Cubble
Cubble provides a new data structure to manipulate spatio-temporal
vector data. It arranges variables into two forms: nested form and long
form. The nested form shows each site in a row and time invariant
variables as columns. The time varying variables are nested into a ts
column. In the long form, each row is cross-identified by the site and
time, time varying variables are presented, and time invariant variables
are stored as an attribute. The two forms can be switched back and forth
for manipulation on the spatial and temporal dimension of the data.
Installation
You can install the released version of cubble from CRAN with:
install.packages("cubble")
And the development version from GitHub with:
# install.packages("remotes")
remotes::install_github("huizezhang-sherry/cubble")
Example
as_cubble()
creates a cubble in the nested form by supplying the
spatial identifier, key
, temporal identifier, index
, and the spatial
coordinates that defines the site, coords
.
library(cubble)
library(dplyr)
#> Warning: package 'dplyr' was built under R version 4.1.2
nested <- climate_flat |>
as_cubble(key = id, index = date, coords = c(long, lat))
nested
#> # cubble: id [5]: nested form
#> # bbox: [115.97, -32.94, 133.55, -12.42]
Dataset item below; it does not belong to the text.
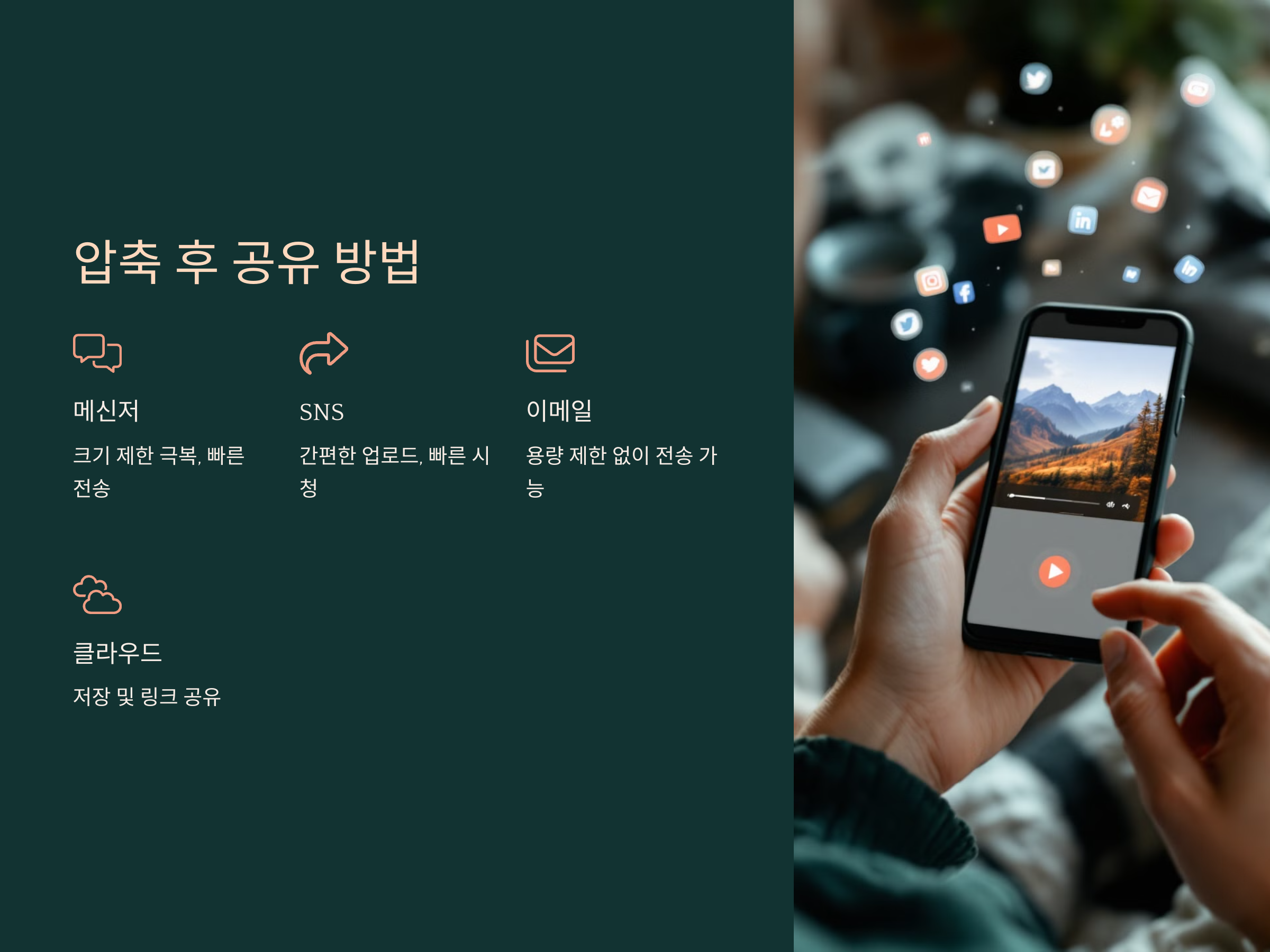 동영상을 압축한 후에는 이제 쉽게 공유할 수 있습니다. 압축된 파일은 용량이 작아져서, 메신저나 SNS를 통해 빠르게 전송할 수 있습니다. 또한, 이메일을 통해 전송하거나 클라우드 저장소에 업로드하여 다른 사람과 쉽게 공유할 수 있습니다.

#> # temporal: date [date], prcp [dbl], tmax [dbl], tmin [dbl]
#> id lat long elev name wmo_id ts
#> <chr> <dbl> <dbl> <dbl> <chr> <dbl> <list>
#> 1 ASN00009021 -31.9 116. 15.4 perth airport 94610 <tibble [366 × 4]>
#> 2 ASN00010311 -31.9 117. 179 york 94623 <tibble [366 × 4]>
#> 3 ASN00010614 -32.9 117. 338 narrogin 94627 <tibble [366 × 4]>
#> 4 ASN00014015 -12.4 131. 30.4 darwin airport 94120 <tibble [366 × 4]>
#> 5 ASN00015131 -17.6 134. 220 elliott 94236 <tibble [366 × 4]>
face_temporal()
switches a cubble from the nested form to the long
form. The long form cubble is for operations whose output is
cross-identified by key
and index
, for example, filtering January
records:
long <- nested |>
face_temporal() |>
filter(lubridate::month(date) == 1)
long
#> # cubble: date, id [5]: long form
#> # bbox: [115.97, -32.94, 133.55, -12.42]
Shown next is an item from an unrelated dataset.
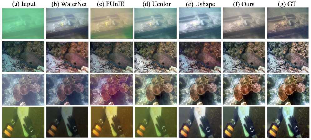 下の図は、提案された方法と水中シーンに関する最新技術との視覚的比較を示しています。船の難破(第1行)は、水中画像が色の歪み、ぼやけ、斑点模様など、さまざまなノイズに苦しむ可能性があることを示しています。以前のアプローチは、一部のノイズを除去し、原本の内容をある程度回復できますが、その向上画像には依然としていくつかの欠点が存在します。たとえば、FUnlEは主要な歪んだ色を除去しますが、左下と右下の隅には取り除けないノイズ領域が残っています。WaterNetとUshapeは元の画像の内容とテクスチャを回復できますが、画像全体の色調が変わります。彼らの向上画像と比較して、私たちの結果は画像の内容を回復するだけでなく、可能な限り色調を保持しています。

#> # spatial: lat [dbl], long [dbl], elev [dbl], name [chr], wmo_id [dbl]
#> id date prcp tmax tmin
#> <chr> <date> <dbl> <dbl> <dbl>
#> 1 ASN00009021 2020-01-01 0 31.9 15.3
#> 2 ASN00009021 2020-01-02 0 24.9 16.4
#> 3 ASN00009021 2020-01-03 6 23.2 13
#> 4 ASN00009021 2020-01-04 0 28.4 12.4
#> 5 ASN00009021 2020-01-05 0 35.3 11.6
#> 6 ASN00009021 2020-01-06 0 34.8 13.1
#> 7 ASN00009021 2020-01-07 0 32.8 15.1
#> 8 ASN00009021 2020-01-08 0 30.4 17.4
#> 9 ASN00009021 2020-01-09 0 28.7 17.3
#> 10 ASN00009021 2020-01-10 0 32.6 15.8
#> # … with 145 more rows
face_spatial()
switches the long cubble back to the nested cubble. The
nested form is for operations whose output is only identified by the
key
, for example, mutating the average maximum temperature in January:
long |>
face_spatial() |>
mutate(avg_max = mean(ts$tmax, na.rm = TRUE))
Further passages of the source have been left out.